Theodore Dalrymple

My goose was cooked — and it wasn’t very good

What's so good about these indigestible birds?

issue 15 December 2007

Unlike Wagner’s music, which is better than it sounds, roast goose is less good than it sounds. For a reason that I have not been able quite to fathom, it is really delicious only in Germany. Or so I, at any rate, have found.

Whether this is because the Germans cook it better, or whether it is because it is a dish that is appropriate to the country, I am not sure. Perhaps you need to be near dense and dark pine forests, with clearings for witches and wicked stepmothers who either devour small children or send them out to find strawberries in the snow, to appreciate the comforts of roast goose.

Yet such is the theoretical allure of this bird that for a number of years I have been reluctant to contemplate the roasting of any other for our traditional and compulsive (if not compulsory) Christmas overindulgence.

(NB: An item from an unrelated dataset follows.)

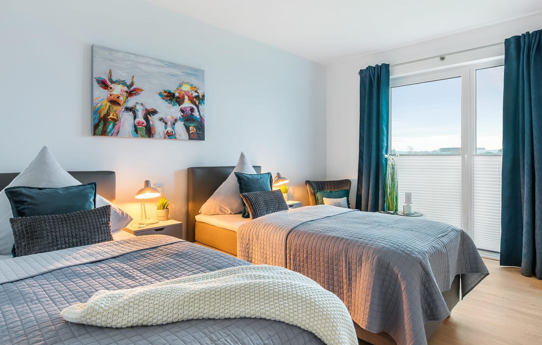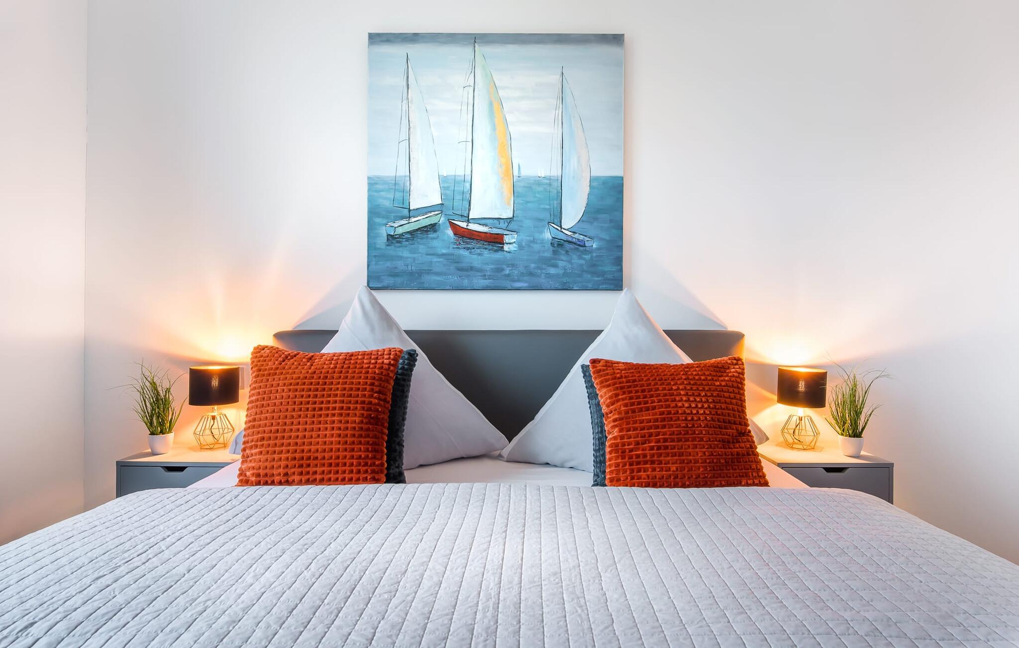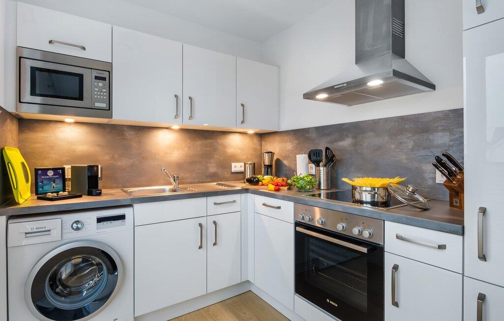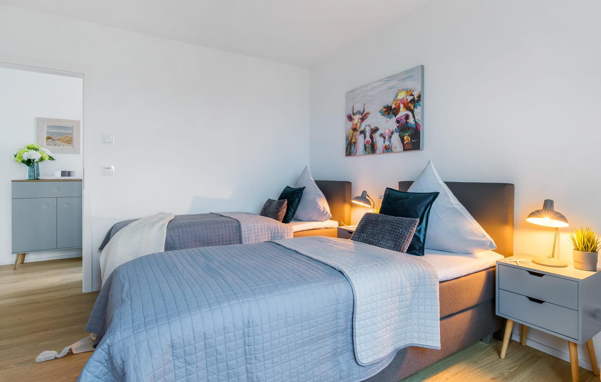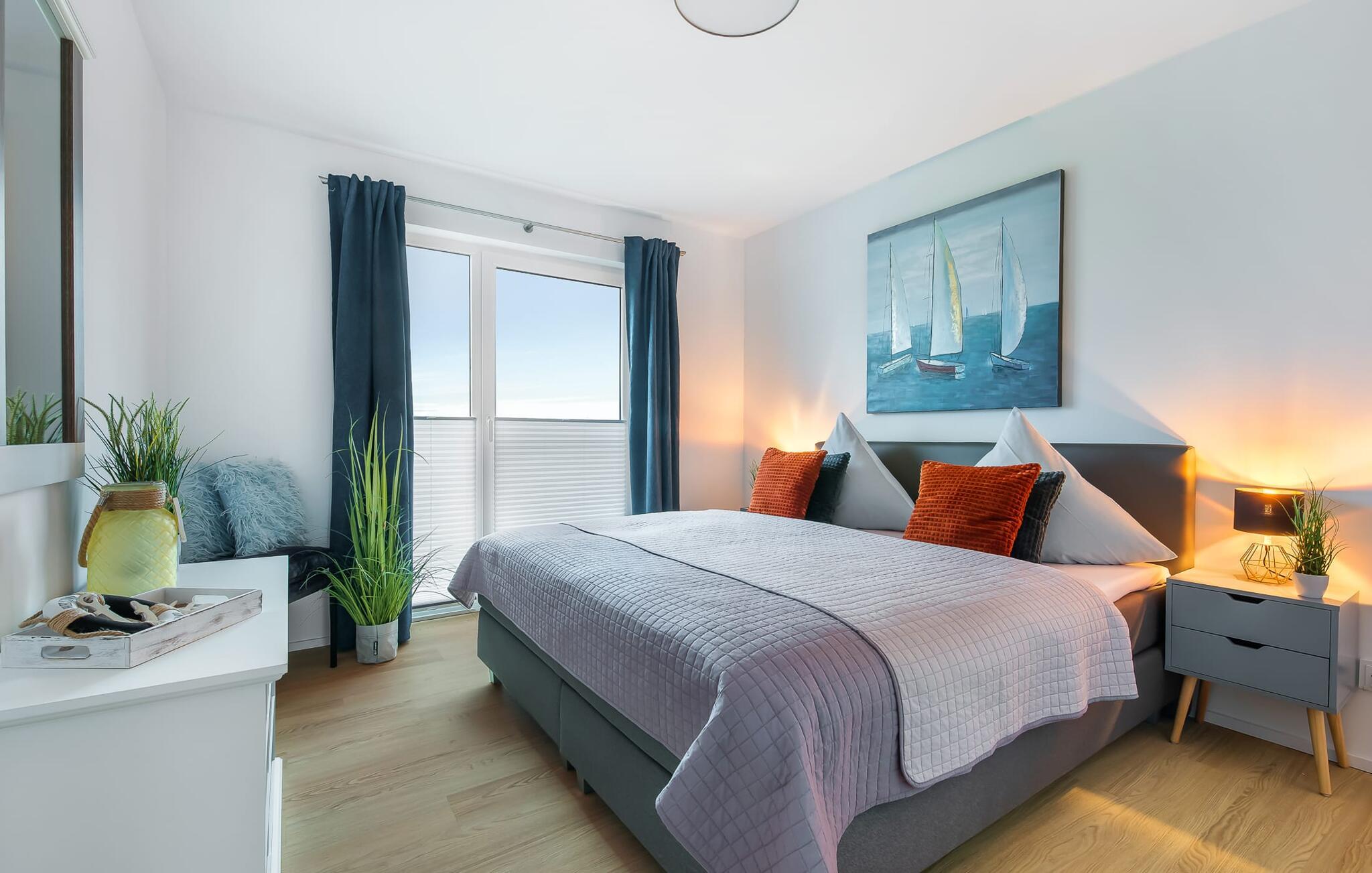 Hvem drømmer ikke om at eje sit eget hus? Måske endda jeres egen sejlbåd? Nå, KLEINE KOGGE er ikke et rigtigt sejlskib, men det er et rigtigt hus! Et parcelhus ikke langt fra den smukke Weidefelder sandstrand direkte ved Østersøen. Bedste betingelser for en vellykket ferie! Moderne og kærligt indrettet i skandinavisk stil, KLEINE KOGGE byder jer hjertelig velkommen og lover en vidunderlig ferie. Vinduerne fra gulv til loft i den åbne stue/alrum giver rummelighed og lader solen skinne. Herfra og det tilstødende køkken kan I komme ind på terrassen og hygge jer. At nyde retterne tilberedt i det veludstyrede køkken her er ren ferie. Gulvvarmen og pejsen sørger for hyggehygge i KLEINEN KOGGE selv i den køligere årstid. Den komfortable opholdsstue med fjernsyn inviterer jer til at have glade aftener og masser af afslapning. De to soveværelser er hver indrettet med en dobbelt boxmadrasser og garanterer en sund søvn. Der er et andet fjernsyn i det ene soveværelse. programmet fortsætter på badeværelset, hvor en bruser i gulvniveau og en infrarød kabine venter på at forkæle jer. jeres bil kan også føles godt tilpas, da den har en parkeringsplads lige ved siden af huset. Vores favoritsted: En hyggelig grillaften på terrassen og nyd ferien i fulde drag... Bemærk venligst: OstseeResort Olpenitz er meget populært, og der bygges fortsat i parken. Ikke desto mindre kan I se frem til en 5-stjernet standard og et førsteklasses ophold. Byggeaktiviteterne kommer ikke til at forstyrre jer på ferien, og derfor gives der ikke yderligere afslag i prisen.

After all, the connotation of the word turkey, that is to say of dismal failure, seems to me to be entirely appropriate. Roast turkey is to cuisine what chipboard is to Chippendale. But roast goose was still a deceiver ever.

Now if goose were really so good, why is it that do we not eat it at other times of year? We are not very keen these days on self-denying ordinances, so the idea that we save up something delicious just for a single glorious treat once a year isn’t very plausible. If something is good we want it all the time, in and out of season, and are prepared to import it at the greatest expense from Ultima Thule if need be. So why does goose so rarely appear on menus, other than in the slightly modified form of foie gras? I do not think its size can explain everything.